In the last decades, there has been a contemporary debate around the experience of the image in general and the artistic image in particular. In this context, the notion of “seeing-in” plays an important role. Way back in 1980, the British philosopher Richard Wollheim introduced it and, since then, this concept has never been ceasing to stimulate discussion among aestheticians.
Wollheim spoke with Ludwig Wittgenstein. About thirty years earlier, he had dealt with the phenomenon of ambiguous figures in one of the most influential philosophy books of the twentieth century: the Philosophical Investigations. He was particularly struck by the figure of the duck/rabbit, which quietly appeared in 1892 on the illustrated magazine “Fliegende Blätter”, and then it became one of the most famous cases of the psychology of perception:

Putting my eyes on this image, I see the profile of a rabbit (Wittgenstein preferred the hare) looking to the right, its beautiful ears stretched back to the left. After few seconds, as if somewhere a mysterious switch were pushed, a strange change occurs: the rabbit’s ears become the duck’s beak, his muzzle transforms into the back of a head; only the eye remains in its place, but now his gaze is turned to the left (not necessarily in this order: first the duck and then the rabbit).

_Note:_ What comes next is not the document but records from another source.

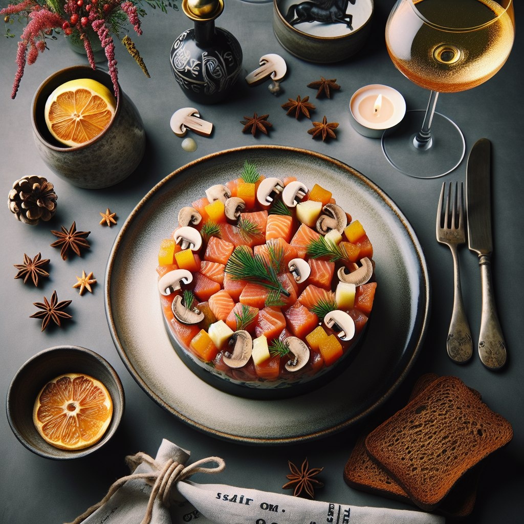 Тартар из лосося с северными грибами и крымским айвой
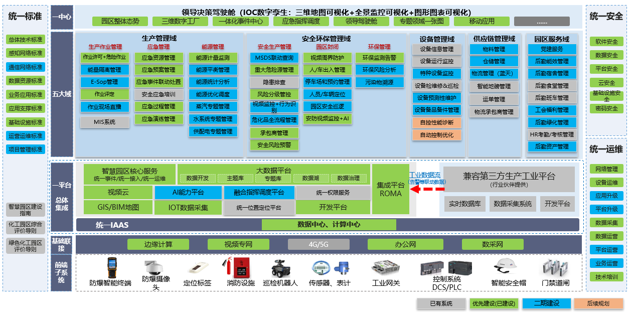 水平整合:統管系統、生產系統、網絡安全三類業務,圍繞安全生產,以智慧園區試點項目落地;
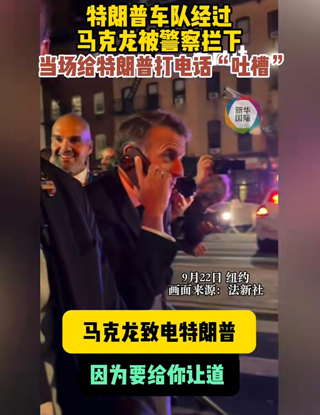 据新华社消息,当地时间22日,在美国纽约街头,因美国总统特朗普的车队经过,前来参加第80届联合国大会的法国总统马克龙被警察拦在路边。马克龙当场拿出手机给特朗普打电话“吐槽”:“你猜怎么着?我这会儿正在大街上等着,因为要给你让道。”
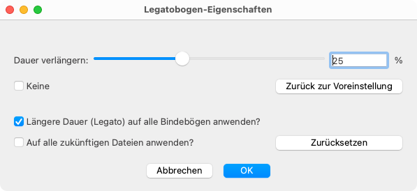 Auf alle anwenden: Markiere dieses Feld, damit die Wiedergabeeigenschaften von allen Legatobögen im gesamten Dokument übernommen werden.
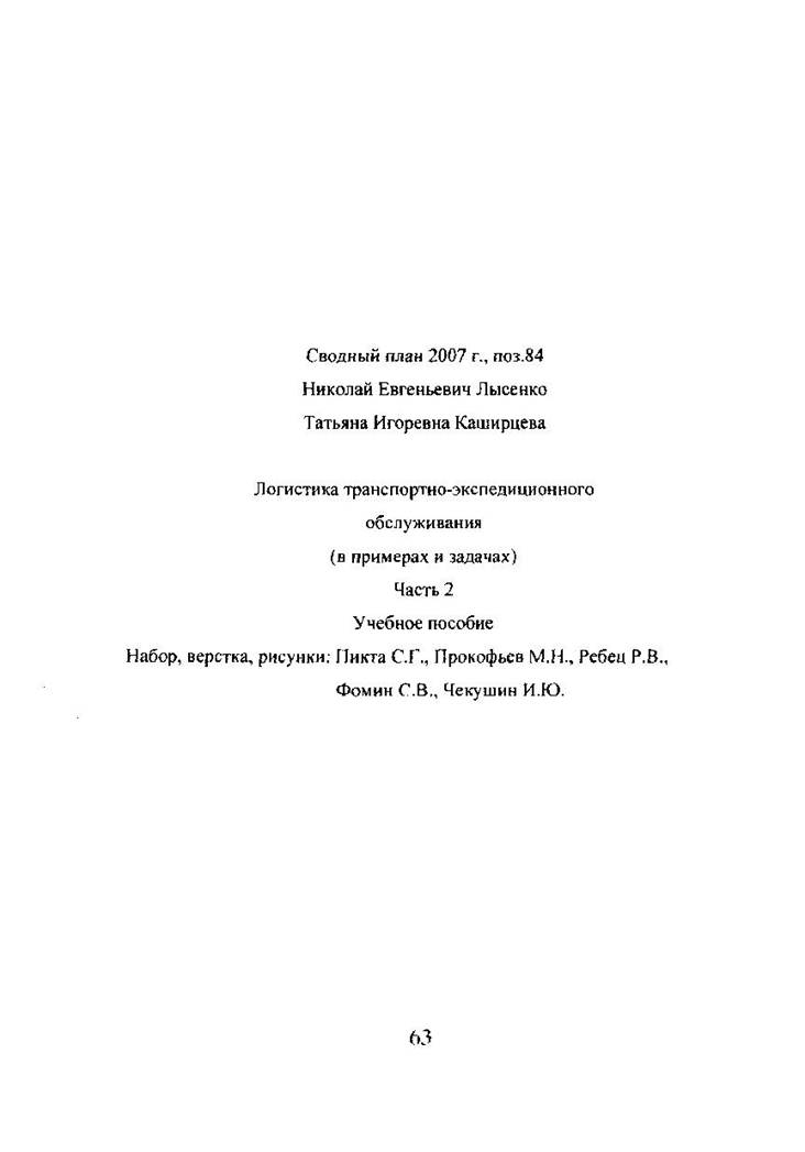13. Лысенко Н.Е., Каширцева Т.И., Лахметкина Н.Ю. Логистика транспортно-экспедиционного обслуживания (в примерах и задачах) часть 1, учебное пособие, МИИТ, М:2005-50 с.

It’s a static picture, this is not the cinema. Nothing changes in the material configuration of the image: the features of the picture remain the same. And therefore, the perceptive stimulus, that hits the sense of sight, does not undergo any modification. Yet, everything changes at the level of the sense of perception: now I see that figure as a duck, now as a rabbit. “Seeing-as” is the formula adopted by the Viennese philosopher to characterize this curious phenomenon. It is undoubtedly an experience worthy of extreme attention. However, Wollheim points out that this is an experience which fails to explain a crucial factor in our way of relating to images: in fact, the support in which the image appears is neglected by “seeing-as”. It focuses on the figure (the duck rather than the rabbit), without worrying about the medium that allows one or the other animal to appear. Thus, we can understand the meaning of the correction proposed by Wollheim: we must consider not only what we see, but we must also consider what allows the figure to manifest itself. This is the reason that justifies the shift of the preposition: from seeing-as to seeing-in.

Seeing-in presupposes the possibility of coming and going: not between two visions of the same figure (as in the case of seeing-as a duck or a rabbit), but rather between the figure and its own medium. In fact, in front of an image, we can always focus our attention now on the image itself, now on the medium support. In front of a panel or a painted canvas or a photograph, I can decide to look away from the image to concentrate on its material substrate (the cracks in the wood on the painted surface, the texture of the canvas that supports the pigments, the grain of photographic paper).

Of course, even moving images present the same arrangement of figure and support: we understand this when, while we are watching a movie in an open-air cinema, suddenly the summer breeze flexes the screen deforming the faces of the actors; or when, traveling by train, we are watching a video on our cell phone, and a ray of sunlight suddenly illuminates the glass, forcing us to change the angle for continuing to watch the video and not our own face reflected on the screen.

In our cultural tradition, as users of images and, above all, of artistic images, we do not have access to this material substrate except through a particular modulation of seeing-in, which allows us to focus our attention on the support. And, touching it directly is an operation exclusively reserved to restorers, whose delicate task is precisely to take care of wood, canvas and paper. In the eighteenth century, the birth of the contemporary “museum” institution, with the emergence of aesthetics as autonomous discipline, favored the sense of sight (“seeing but not touching”) as the sensorial channel for the artwork pure contemplation without any practical purpose. In the long wave of the Kantian influential doctrine, the aesthetic attitude is satisfied with the object as a pure image, regardless of its actual existence.

It is in this context – still dominant today – the challenge of tactile museums is played out: revealing to the spectator’s experience the possibility of the direct touch of the support usually reserved for restoration professionals. And disclosing it not for a repairing or conservative intent, but for an authentically aesthetic one. In full recognition of the deep meaning of the term “aesthetics”, preserved in its etymological origin of aisthesis, i.e. sensitive, corporeal knowledge as a whole and not just optical. Opening up to appreciate the medium, in its irreducible materiality, that medium hosts and lets the figure to show itself: touching-in.